Note: I'm assuming below that cards with index 1,2,3,4 are jacks,

    import Probability
    import Collection
    import Prelude
    import Monad

    insideStraight deck tries= do (card, rem) <- (selectOne deck)
                                  let straight = if (card < 4) then True else False in
                                      if (tries == 1 || straight)
                                          then return straight --If I got a straight, return True. If I have no tries left, return False.
                                          else insideStraight rem1 (tries - 1) --If I can try again, and I don't have a straight, do so.

    main =  do putStrLn "With no discards:"
               putStrLn (show (insideStraight [1 .. 48] 1))
               putStrLn "With one card discarded: "
               putStrLn (show (insideStraight [1 .. 48] 2))

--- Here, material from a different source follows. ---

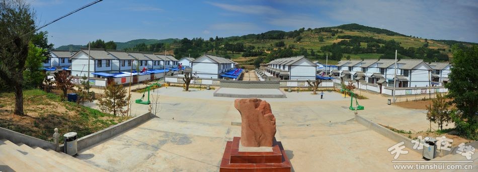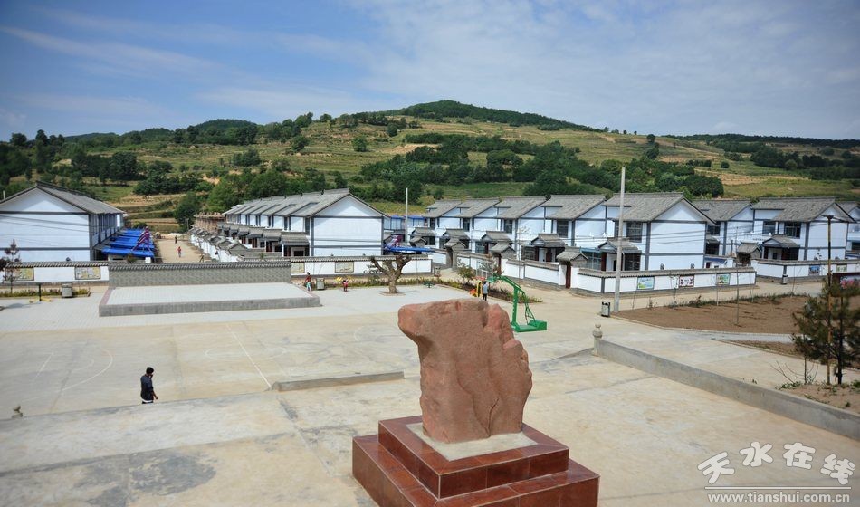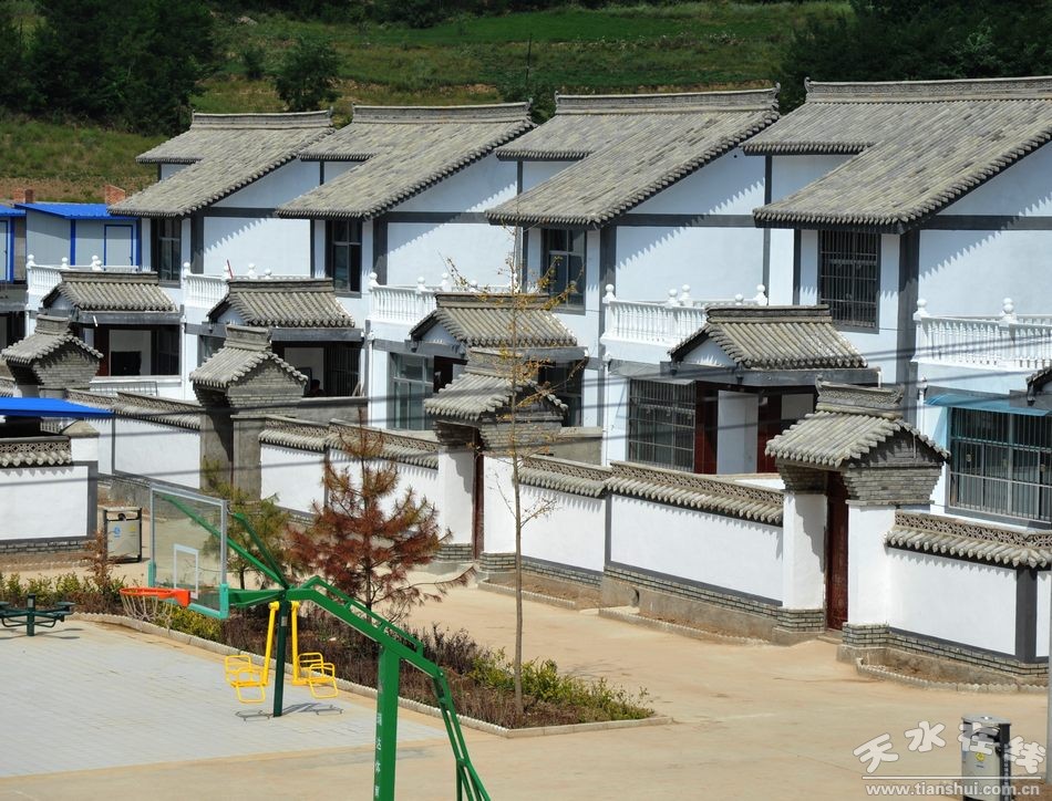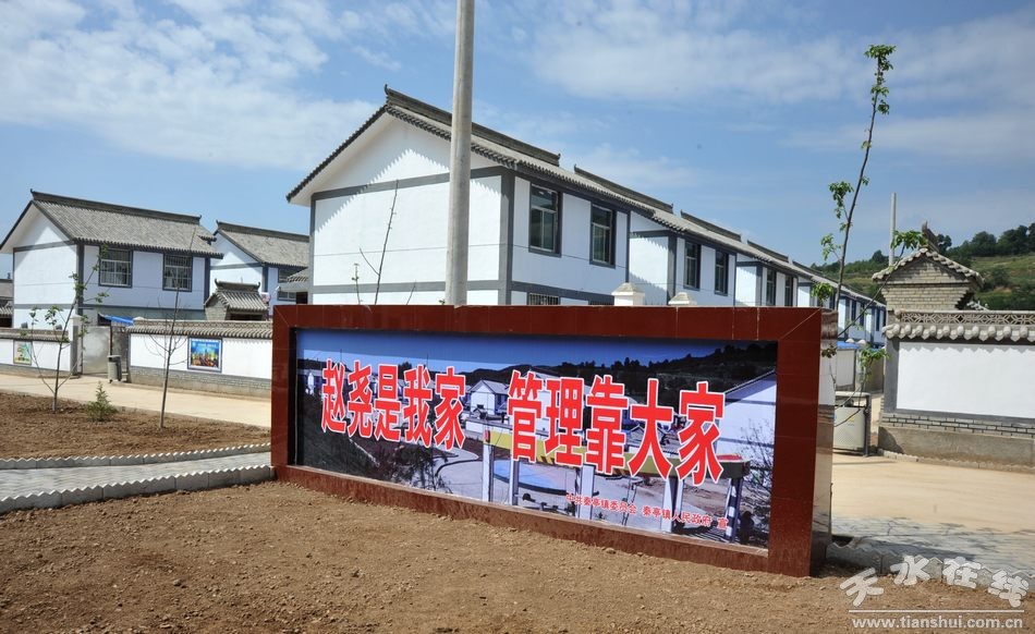 清水縣秦亭鎮(zhèn)趙堯一、三、四組地處鎮(zhèn)政府東北部3公里處的山坡高寒陰濕地帶,山大溝深,吃水、行路、就醫(yī)、上學(xué)難的問題長期困擾著當(dāng)?shù)厝罕。在“雙聯(lián)”政策扶持下,秦亭鎮(zhèn)趙堯村依托易地扶貧搬遷等項(xiàng)目,在繼趙堯二組搬遷新村后,于2013年初將趙堯一、三、四組列入省發(fā)改委易地扶貧搬遷項(xiàng)目并啟動(dòng)建設(shè),目前70戶農(nóng)戶的新居建設(shè)全面完成,巷道、院子硬化完畢,供排水、沼氣、太陽能路燈、文化廣場(chǎng)、花園及村莊綠化、建身器材、垃圾箱一應(yīng)俱全。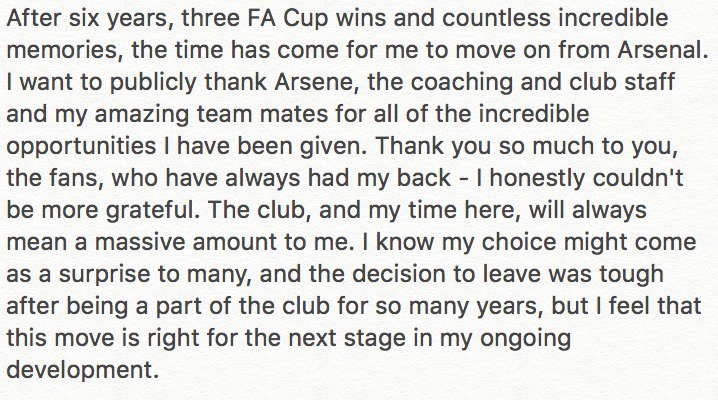“I want to publicly thank Arsene, the coaching and club staff and my amazing team mates for all of the incredible opportunities I have been given.”

I don't read Haskell, and though I tried searching for it, I was unsuccessful, so I figured I'd ask.

What's the "(card, rem) <- (selectOne deck)" notation mean? And does the "in" put the second if statement inside the else clause of the first if statement, or outside of it?

Thanks


The notation x <- f y means "f y returns a monadic value; take the next line (which is a monadic function) and apply it to x."

Naively, you can think of x <- f y as pulling the value out of the monad. Now you can apply non-monadic functions to it. In a certain sense, this is true. However, by the time the do statement is finished, you will need to push it back in (the return statement). So you can only pull stuff out of the monad if you immediately put it back in (otherwise you get a type error).

(card, rem) is simply unpacking a 2-tuple, containing the card and the remaining deck (after picking 1 element).

The "let straight = ... in \newline (some statement)" means exactly what it sounds like. "let x = 3 in xx" means "take the statement xx, replace x by 3, you get 3*3=9".